Koordinator Komite Pemilih Indonesia (TePI), Jeirry Sumampow, menyarankan agar Bawaslu menghilangkan persyaratan akreditasi pemantau yang dinilai menyulitkan pemantau, seperti keharusan melampirkan data relawan lengkap dengan foto dan tanda tangan.

“Hilangkan saja syarat-syarat yang memberatkan. Bawaslu juga harus memberitahu kepada publik bahwa kini persyaratan mendapatkan akreditasi tidak sulit lagi. Ini agar banyak pemantau yang mengawal pemilu,” kata Jeirry pada kajian “Identifikasi Prosedur Pemantauan Tahapan Pemilihan Umum 2019” di Gondangdia, Jakarta Pusat (27/9).

Masukan lain disampaikan oleh Caretaker Komite Independen Pemantau Pemilu (KIPP), Jojo Rohi. Menurutnya, Bawaslu harus memastikan akses bagi pemantau atas informasi yang dimiliki penyelenggara. Pengalaman KIPP, pihaknya tak dapat mengakses beberapa informasi yang sebenarnya bersifat terbuka, seperti informasi peserta lelang pengadaan logistik pemilu.

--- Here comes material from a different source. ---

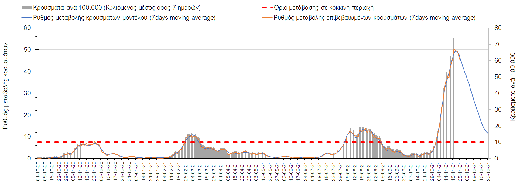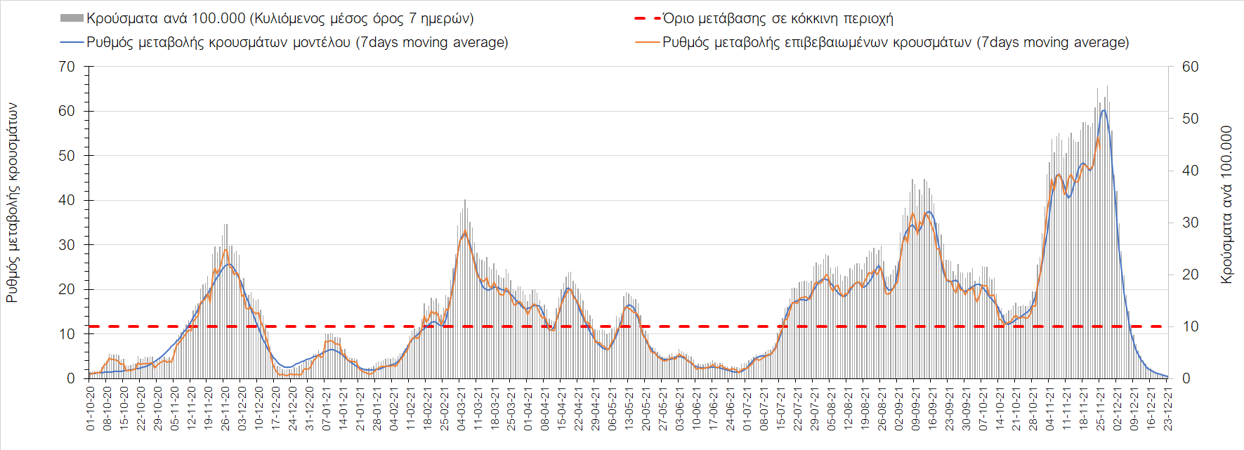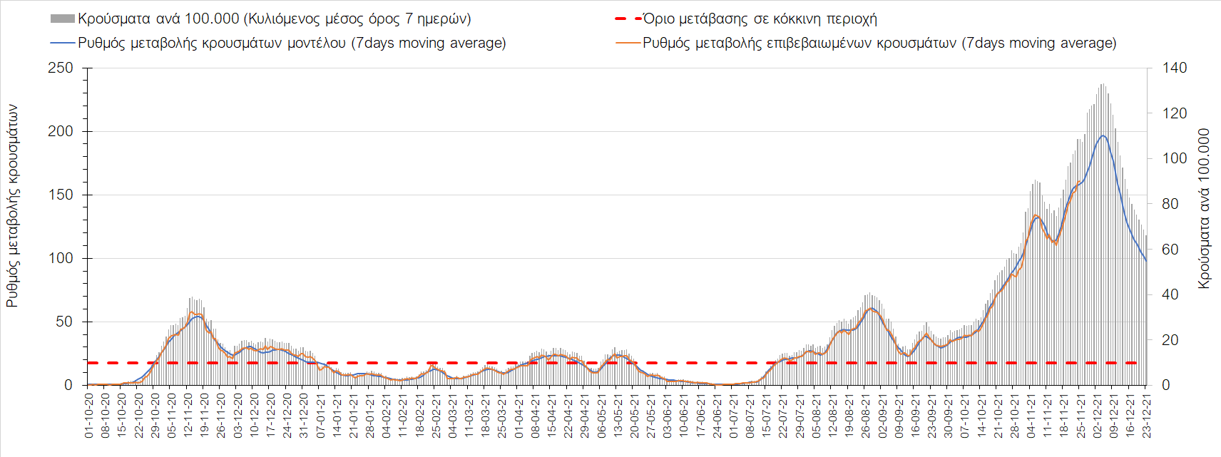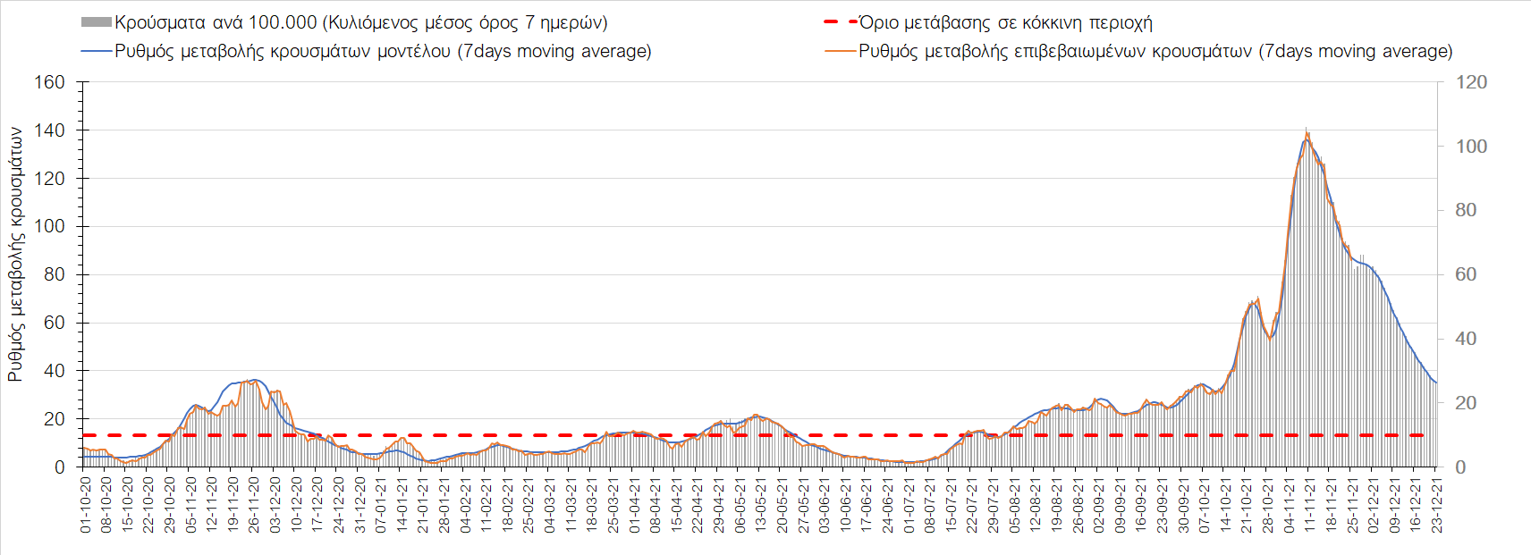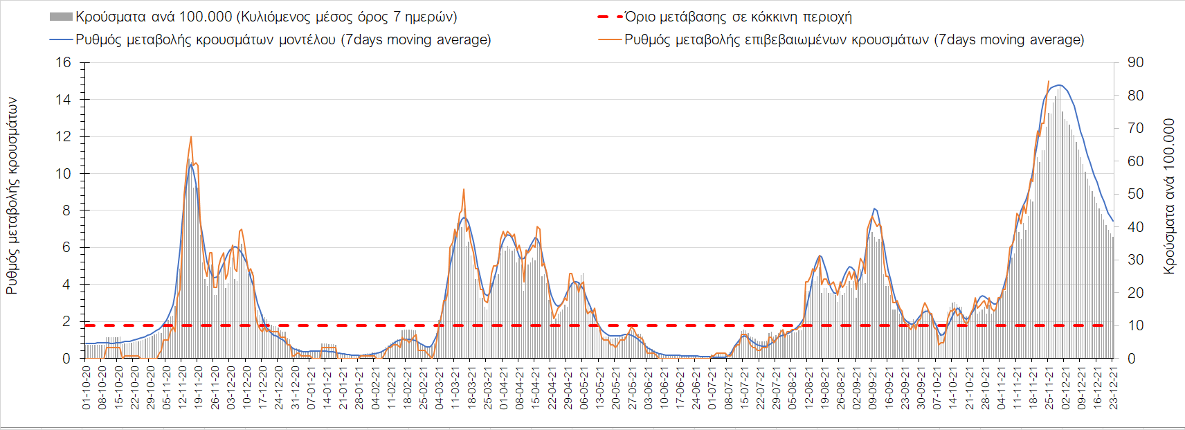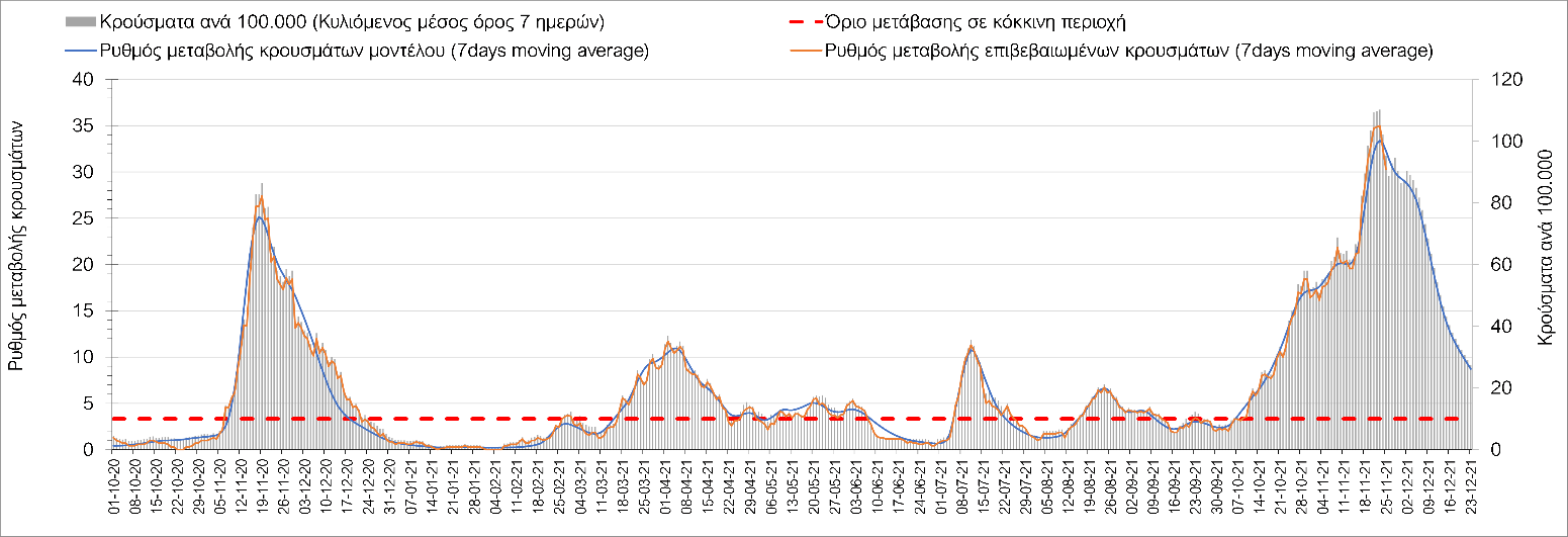 Η αποτύπωση των τάσεων στις επιμέρους περιοχές, παρουσιάζεται στο Σχήμα 61, όπου παρουσιάζεται ο ρυθμός μεταβολής των νέων κρουσμάτων ανά 100.000 κατοίκους (κυλιόμενος μέσος όρος 7 ημερών) των επιμέρους περιοχών. Θετικές τιμές του ρυθμού μεταβολής υποδηλώνουν άνοδο, ενώ αρνητικές τιμές υποδηλώνουν πτωτική πορεία. Το σχήμα αυτό είναι ιδιαίτερα κατατοπιστικό, γιατί οι τιμές που παρουσιάζονται είναι κανονικοποιημένες ως προς τον πληθυσμό, και η σύγκριση των τάσεων ανάμεσα στις επιμέρους περιοχές είναι άμεση.

“Perlu  juga diantisipasi, Bawaslu sampai mengatur atau tidak informasi apa saja yang bisa diakses. Atau kita cukup memakai Undang-Undang Keterbukaan Informasi Publik saja,” ujar Jojo.

Koordinator Nasional Jaringan Pendidikan Pemilih untuk Rakyat (JPPR), Sunanto, menilai bahwa Bawaslu perlu menertibkan lembaga pemantau. Lembaga pemantau yang terbukti tidak independen atau terafiliasi dengan peserta pemilu mesti diberikan sanksi.

“Bawaslu bisa masuk dalam hal ini, misalnya dengan mengeluarkan aturan etik tentang lembaga pemantau. Bawaslu bisa mengatur mekanisme agar lembaga pemantau bekerja sebagaimana mestinya,” tegas pria yang akrab disapa Cak Nanto.